### RECORD EXCERPTS:
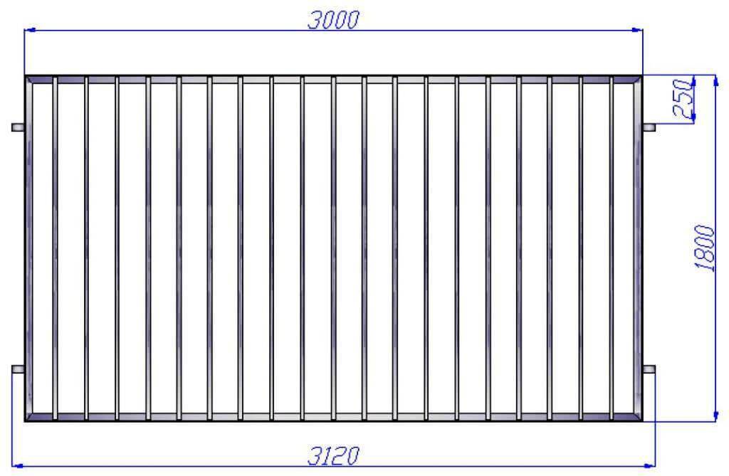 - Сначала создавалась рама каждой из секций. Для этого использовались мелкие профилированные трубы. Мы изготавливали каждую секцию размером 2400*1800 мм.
==
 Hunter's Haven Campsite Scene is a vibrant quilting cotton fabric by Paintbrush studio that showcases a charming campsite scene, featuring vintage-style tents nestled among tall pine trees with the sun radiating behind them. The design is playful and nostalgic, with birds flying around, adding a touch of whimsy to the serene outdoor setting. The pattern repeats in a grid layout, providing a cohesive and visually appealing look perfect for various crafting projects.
==
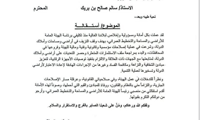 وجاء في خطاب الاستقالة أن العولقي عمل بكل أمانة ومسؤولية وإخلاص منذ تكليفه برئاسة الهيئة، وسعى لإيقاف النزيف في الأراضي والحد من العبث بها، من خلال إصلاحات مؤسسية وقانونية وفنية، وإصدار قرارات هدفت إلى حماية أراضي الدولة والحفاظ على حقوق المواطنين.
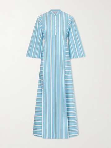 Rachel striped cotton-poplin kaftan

### EXERCISE AIM:
Using the listing above, repeat word for word each line from the one with "وجاء في خطاب" down to the one with "Rachel striped cotton-poplin kaftan", both included. Omit all pictures.

### RESULT OF THE TASK:
 وجاء في خطاب الاستقالة أن العولقي عمل بكل أمانة ومسؤولية وإخلاص منذ تكليفه برئاسة الهيئة، وسعى لإيقاف النزيف في الأراضي والحد من العبث بها، من خلال إصلاحات مؤسسية وقانونية وفنية، وإصدار قرارات هدفت إلى حماية أراضي الدولة والحفاظ على حقوق المواطنين.
 Rachel striped cotton-poplin kaftan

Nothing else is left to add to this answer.